Fidel Castro: The Last <i> Caudillo </i> : The Challenge Is to Be Prepared When the End Comes
These are lonely days for Fidel Castro.
Cuba’s jefe maximo always fancied himself a special character on the world stage--a key actor not just in Latin America, where he was a symbol of revolutionary change, but also in the Soviet Bloc, for which he was an outpost near the U.S. mainland. But even Fidel’s friends have been wondering lately whether time has passed him by. The answer is yes. And events of the last few weeks only emphasize just how much of an anachronism Castro has become.
Start with the rapid collapse of the Soviet empire in Eastern Europe and the accelerating reform effort inside the Soviet Union itself. Castro was never a fan of Mikhail Gorbachev, or of perestroika. But as the Soviet leader consolidates his position in Moscow and former Warsaw Pact nations like Poland and Hungary go their own way, Fidel looks like the last Stalinist in the world.
His Latin American friends are in retreat, too. The Sandinistas have been voted out by the Nicaraguan people and must now learn to work as a real political party or be relegated to the dustbin of history. The guerrillas in El Salvador would end the long civil war there if they were given a chance to negotiate.
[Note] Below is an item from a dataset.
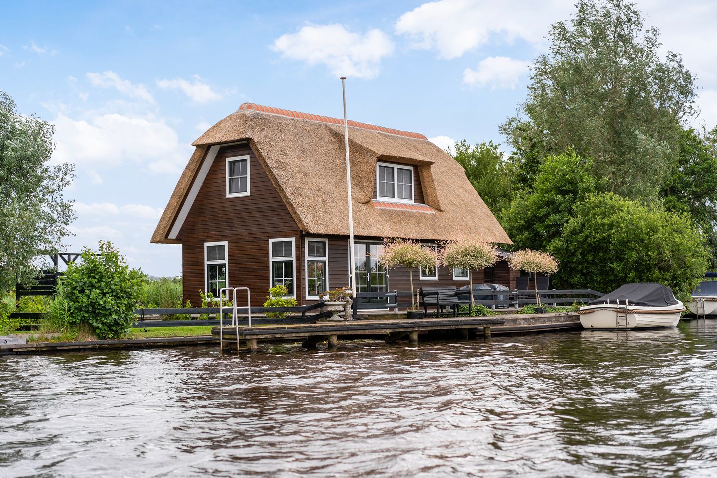 Rondom de woning ligt een royaal terras waar je op elk moment van de dag kunt kiezen tussen zon of schaduw, rust of reuring. De vlonders zijn recentelijk allemaal vernieuwd en sluiten prachtig aan op het omliggende landschap. Of je nu in de ochtendzon geniet van je eerste kop koffie, of ’s avonds dineert met uitzicht op het water, het leven is hier simpelweg goed. De eigen insteekhaven en de aanlegsteiger maken het eenvoudig om met sloep, zeilboot of sup het water op te gaan, en dat ongeacht de windrichting.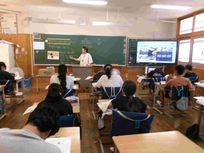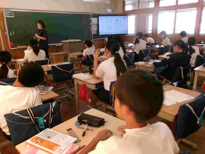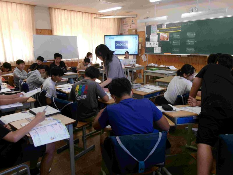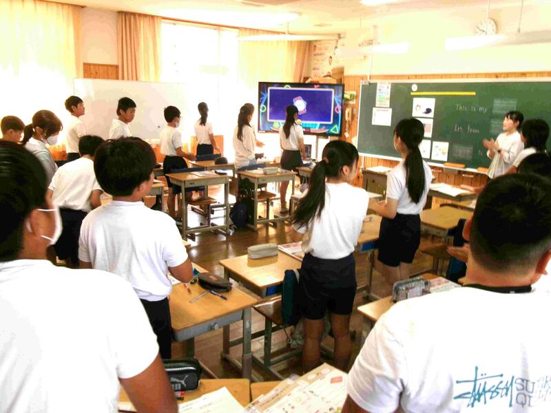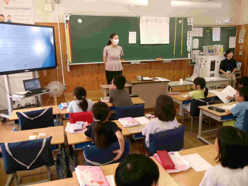 【1年2組は、アンジェリカ先生と楽しく英語活動をしていました。ハロウィンの画像も出ていました。】

And the toughest rebels in the Western Hemisphere, Peru’s Sendero Luminoso, say flatly that Castro’s a wimp.
Fidel doesn’t even have anybody on the Latin American right to commiserate with: Chile’s Augusto Pinochet is out, so Castro has the dubious distinction of being the last old-style dictator in Latin America. For the man whose victory over Fulgencio Batista in 1959 was supposed to inspire revolutions throughout the region, being the last caudillo may be the cruelest irony of all.
Castro has been so much trouble for the U.S. government for so long--eight presidents have worried about him, with little to show for it--that some in Washington understandably might be tempted to gloat. But what U.S. policy-makers should be doing instead is planning to use the opportunity presented by Castro’s growing isolation to try and draw Cuba back into the American (in the broadest sense of that word) system.
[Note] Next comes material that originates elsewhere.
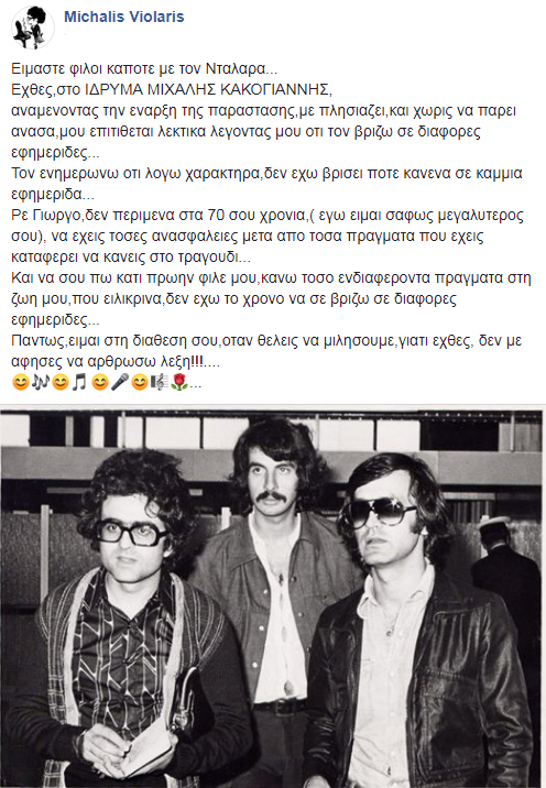 Δεν μπορούσε να κρύψει τον εκνευρισμό του κατά του Γιώργου Νταλάρα ο γνωστός τραγουδιστής Μιχάλης Βιολάρης, ο οποίος και έδωσε απάντηση μέσω Facebook.

The Soviet news media have begun criticizing Castro for refusing to join communism’s reform movement. That could presage a reduction of the $5 billion per year in Soviet aid Castro gets.If that aid ends, he’ll have to look for help elsewhere; and if his neighbors are ready to respond, they can demand that he behave himself in exchange.
But even if Castro refuses to face reality, he won’t live forever. There is no one to take his place, and once he’s gone, Cuba will change. By preparing now, the United States and the other democratic nations of the Americas can help ensure that the process is peaceful, like Czechoslovakia’s, rather than violent, like Romania’s.